Chiara Schoras (born 26 September 1975, in Elmshorn) is a German actress.

==Biography==
Schoras is the daughter of an Italian mother and a German father. She studied dance, singing and acting at the Centro di Danza Balletto di Roma. Her mentor Franco Miseria, the artistic director of the school, recognized her talents in all three performing arts and promoted her.

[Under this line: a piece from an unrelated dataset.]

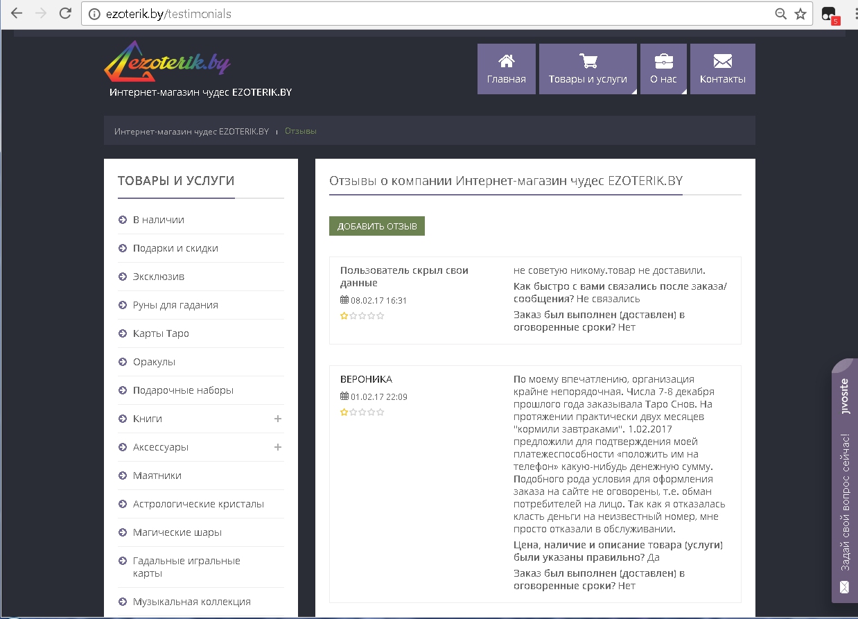 Осталась недовольна так называемым «обслуживанием». Сложилось впечатление, что организация крайне непорядочная. Рассказываю почему. Числа 7-8 декабря прошлого года связалась по телефону: +375 29 8 059 500 по вопросу приобретения Таро Снов. Первое впечатление было, очень хорошим. Я обрадовалась, что есть возможность заказать Таро Снов, так как эту колоду не очень просто достать. Кроме того, я выяснила у консультанта, что есть возможность заказать даже Таро Сакрального круга – колоду, которую я безуспешно пытаюсь приобрести на протяжении нескольких лет. Предполагая, что, если все пройдет хорошо, то буду и в дальнейшем заказывать в этом магазине, я уточнила, на каких условиях делается заказ. Девушка, принимавшая заказ, пояснила, что никаких специфических условий нет, поэтому я попросила оформить заказ на Таро Снов. Консультант сообщила, что сможет мне передать колоду 10 декабря. Указанная дата была для меня неудобна, поскольку, я собиралась уехать. Заказ я делала, так как товар, который я хотела приобрести, был указан в позиции «под заказ», следовательно, я полагала, что между заказом и непосредственной доставкой пройдет определенное время. Все это я объяснила девушке-консультанту, уточнив при этом, возможно ли забрать обещанную колоду после 18 декабря. В ответ на это девушка предложила мне для подтверждения моей платежеспособности «положить на телефон» какую-нибудь денежную сумму. Я четко и определенно сказала, что такие условия меня не устраивают и никаких денег ни на какие телефонные номера я класть не буду (прошу обратить на это внимание). Тем не менее, девушка приняла мой заказ. Вернувшись из поездки, я позвонила в «Эзотерик бай» по поводу своего заказа. Все та же девушка мне сообщила, что моя колода поступит ближе к новому году. Я удивилась, куда же делась колода, которую собирались мне передавать 10 декабря, но промолчала. Непосредственно перед новым годом мне позвонили из «Эзотерик бай» с вопросом, заинтересована ли я еще в колоде Таро Снов, то есть включать ли им ее в заказ (простите, а что у меня тогда принимали в начале декабря, чем весь месяц занимался магазин, если речь о включении в заказ идет только сейчас и опять-таки, что мне собирались передавать 10 декабря?) И сколько я еще готова ожидать колоду. Я подтвердила, что в колоде заинтересована и буду ожидать, сколько потребуется. Девушка уточнила, что поставка будет поле нового года. После нового года я сама вновь позвонила в «Эзотерик бай». Все та же девушка сообщила, что поставка будет в 20-х числах января. Все бы хорошо, но я зачем-то зашла на сайт магазина, где прочла, что команда магазина уходит в отпуск с 16 по 29 января и поставки в этот период осуществляться не будут. То есть, консультант прекрасно зная, что ни о какой поставке в 20-х числах января не может быть и речи, просто нагло лгала. 1 февраля мне позвонили из «Эзотерик бай» и уже хорошо известная мне девушка-консультант сообщила, что на днях ожидается поставка, заинтересована ли я еще в колоде Таро Снов и включать ли им ее в заказ (просто без комментариев, вопрос о включении в заказ поднимается спустя два месяца после первого звонка). Я в очередной раз подтвердила, что намерена приобрести Таро Снов. В ответ на это девушка вновь предложила мне для подтверждения моей платежеспособности «положить на телефон» какую-нибудь денежную сумму.

As an actress, she has worked with directors such as Peter Keglevic, Thorsten Näter, Carola Spadoni, Carlo Rola, Francesco Nuti, Martin Gypkens and Peter Bogdanovich. Her film breakthrough role came in Vaya con Dios, for which she recorded the title song and was awarded the Bavarian film prize. Her next film was The Cat's Meow.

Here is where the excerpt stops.